Concepts

Synchronous vs asynchronous

apairo distinguishes two fundamental ways that sensor data is organised on disk.

Synchronous

In synchronous datasets, all modalities at frame i were captured at the same instant. Semantic segmentation datasets (SemanticKITTI, GOOSE, Rellis-3D) follow this layout: for every scan there is exactly one .bin point cloud file and one .label annotation file.

sequences/
  00/
    velodyne/  000000.bin  000001.bin  ...
    labels/    000000.label 000001.label ...

ds[i] returns a Sample with timestamp=None and a data dict containing all requested keys. Random access and standard PyTorch DataLoader shuffling work out of the box.

Asynchronous

In asynchronous (KITTI-layout) datasets, each sensor has its own subdirectory with its own file sequence and a timestamps.txt. The sensors fire at different rates.
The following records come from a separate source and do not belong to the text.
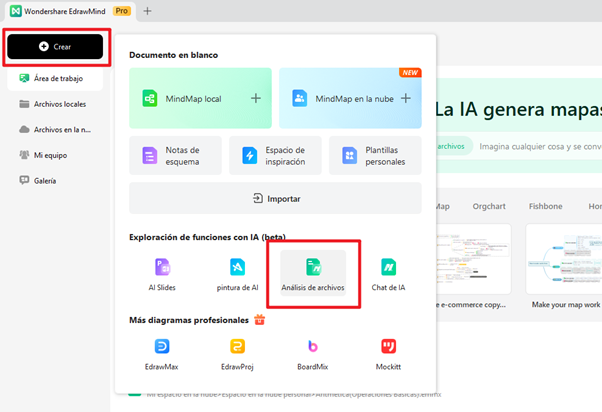2.- Utiliza la IA. Haz clic en "crear análisis de archivo" donde deberás subir el PowerPoint. También puedes ir al menú de IA y presionar en la opción "análisis inteligente".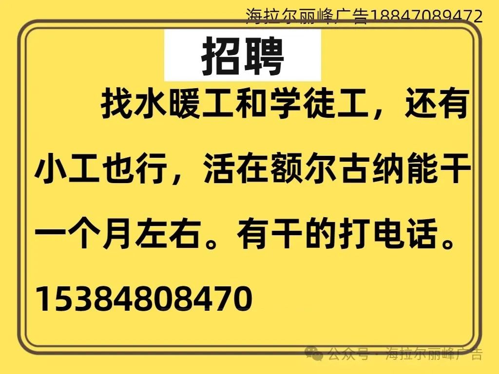 招聘:水暖工一名,活儿在额尔古纳。15384808470
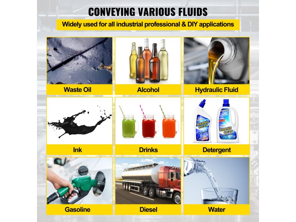 Ez a levegővel hajtott membránszivattyú számos viszkózus és gyúlékony folyadékot, többek között fáradt olajat, alkoholt, hidraulikus folyadékot, benzint, dízelüzemanyagot, mosószert, ivóvizet stb. tud szivattyúzni.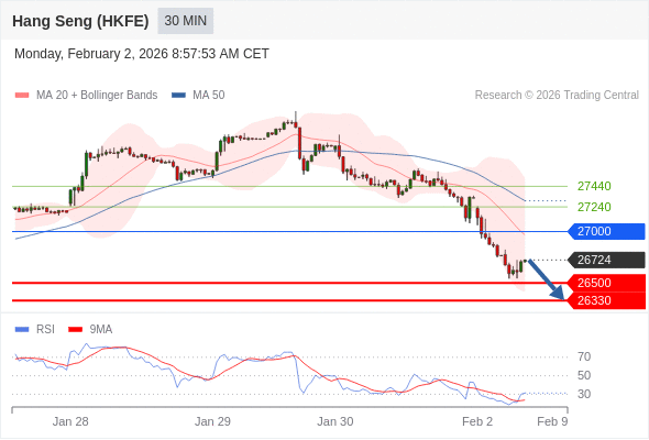 香港恒生指数期货 当日内: 短期关键阻力位在27000。

velodyne_0/   000000.bin   000001.bin   ...   timestamps.txt
image_left/   000000.png   000001.png   ...   timestamps.txt
imu/          000000.pt    000001.pt    ...   timestamps.txt

apairo merges all channels into a single timestamp-ordered timeline. ds[i] returns one event -- the scan or image or IMU reading at position i in the global timeline -- with its timestamp field set. Exactly one key is populated in sample.data per event.
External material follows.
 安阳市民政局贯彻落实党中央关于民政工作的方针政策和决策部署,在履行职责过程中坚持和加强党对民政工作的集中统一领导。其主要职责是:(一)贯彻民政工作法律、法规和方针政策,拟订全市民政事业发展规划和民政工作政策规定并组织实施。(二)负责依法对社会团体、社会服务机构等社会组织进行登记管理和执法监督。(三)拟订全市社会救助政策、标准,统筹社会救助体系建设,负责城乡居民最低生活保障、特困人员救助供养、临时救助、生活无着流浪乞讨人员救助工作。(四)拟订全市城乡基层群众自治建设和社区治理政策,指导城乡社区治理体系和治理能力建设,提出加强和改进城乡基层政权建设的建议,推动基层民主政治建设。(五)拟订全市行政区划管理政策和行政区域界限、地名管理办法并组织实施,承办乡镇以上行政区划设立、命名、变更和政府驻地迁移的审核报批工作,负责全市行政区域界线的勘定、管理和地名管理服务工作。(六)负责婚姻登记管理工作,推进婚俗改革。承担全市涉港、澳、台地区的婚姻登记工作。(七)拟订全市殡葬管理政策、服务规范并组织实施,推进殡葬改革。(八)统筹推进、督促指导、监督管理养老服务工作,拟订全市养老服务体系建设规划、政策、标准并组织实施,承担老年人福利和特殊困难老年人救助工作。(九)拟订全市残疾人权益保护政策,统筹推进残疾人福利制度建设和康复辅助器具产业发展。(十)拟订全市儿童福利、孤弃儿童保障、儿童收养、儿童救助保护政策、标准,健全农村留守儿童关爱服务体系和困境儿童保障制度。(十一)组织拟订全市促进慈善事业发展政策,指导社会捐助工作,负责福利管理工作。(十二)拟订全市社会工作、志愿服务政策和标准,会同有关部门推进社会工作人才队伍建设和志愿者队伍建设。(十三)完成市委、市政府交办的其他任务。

Bridging the two: `synchronize()`

An asynchronous dataset can be resampled onto a reference clock with ds.synchronize(). The result is a synchronous view -- complete multi-channel samples, random access, full chaining API -- making the two layouts interchangeable downstream. See Async Datasets.

ProfiledDataset and YAML profiles

All synchronous dataset classes in apairo are backed by a YAML structural profile that describes the folder layout and data types. The profile replaces what would otherwise be boilerplate Python code in every dataset subclass.

A 2-line Python class:

class Goose3DDataset(ProfiledDataset):
    _profile = "goose.yaml"

…combined with a YAML profile handles discovery, loading, splitting, and type casting automatically. See YAML Profiles for the full specification.

The `.apairo` sidecar

When you run a preprocessing pipeline on a dataset, the output files are written alongside the original data and their location is recorded in a .apairo YAML sidecar file at the dataset root (or sequence directory).

# .apairo
version: 1
channels:
  trav_label:
    kind: preprocess
    loader: npys
    has_timestamps: false
    sources: [labels]

On the next load, apairo reads .apairo to discover where derived keys live and which loader to use -- no code change needed:

ds = Goose3DDataset("/data/goose", keys=["lidar", "trav_label"])

The sidecar is created and updated automatically by run_preprocess. You can also write it manually for ad-hoc derived data.

Key resolution order

When you request keys=["lidar", "trav_label"]:

lidar is found in the YAML profile -> loaded via the binary path
trav_label is not in the profile -> looked up in .apairo -> loaded via DERIVED_LOADERS

At least one native key (declared in the profile) must be present alongside any derived keys -- the native files provide the file-count reference and the derived path template.